In the listing below, the lines starting with the line with "PROVINCE OF NOVA" and going on through the line with "Infographic: Gold bar" are to be reproduced exactly, and only those.
(DATA FOR THIS TASK begins)
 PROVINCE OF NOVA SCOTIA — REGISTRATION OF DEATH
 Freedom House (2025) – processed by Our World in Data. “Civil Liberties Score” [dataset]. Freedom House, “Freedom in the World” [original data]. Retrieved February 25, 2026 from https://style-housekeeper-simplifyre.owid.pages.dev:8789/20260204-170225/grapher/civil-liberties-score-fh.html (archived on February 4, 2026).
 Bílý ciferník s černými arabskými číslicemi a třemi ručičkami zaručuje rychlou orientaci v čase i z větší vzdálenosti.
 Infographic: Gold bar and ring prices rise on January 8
(DATA FOR THIS TASK ends)
(DATA FOR THIS TASK begins)
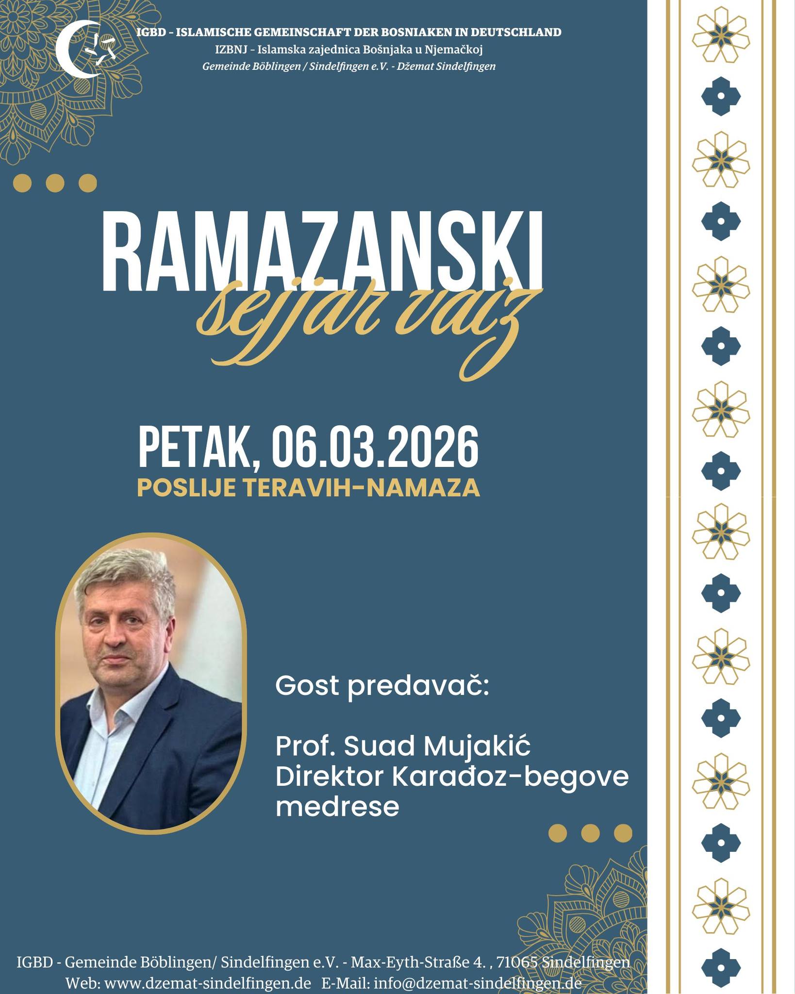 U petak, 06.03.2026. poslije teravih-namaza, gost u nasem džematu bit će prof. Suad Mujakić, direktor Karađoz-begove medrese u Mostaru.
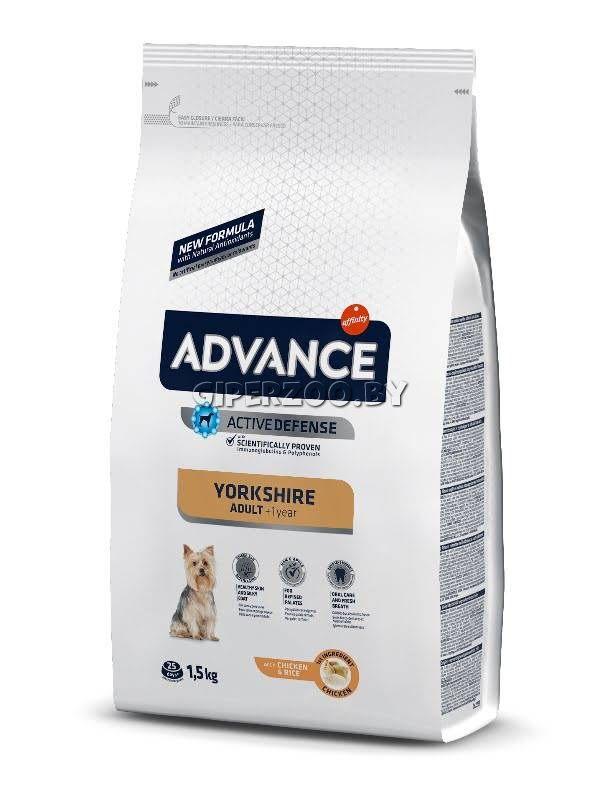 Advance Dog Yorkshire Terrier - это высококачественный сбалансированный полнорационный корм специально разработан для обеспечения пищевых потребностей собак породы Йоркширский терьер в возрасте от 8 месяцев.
(DATA FOR THIS TASK ends)
ANSWER TO THE PROBLEM.
 PROVINCE OF NOVA SCOTIA — REGISTRATION OF DEATH
 Freedom House (2025) – processed by Our World in Data. “Civil Liberties Score” [dataset]. Freedom House, “Freedom in the World” [original data]. Retrieved February 25, 2026 from https://style-housekeeper-simplifyre.owid.pages.dev:8789/20260204-170225/grapher/civil-liberties-score-fh.html (archived on February 4, 2026).
 Bílý ciferník s černými arabskými číslicemi a třemi ručičkami zaručuje rychlou orientaci v čase i z větší vzdálenosti.
 Infographic: Gold bar and ring prices rise on January 8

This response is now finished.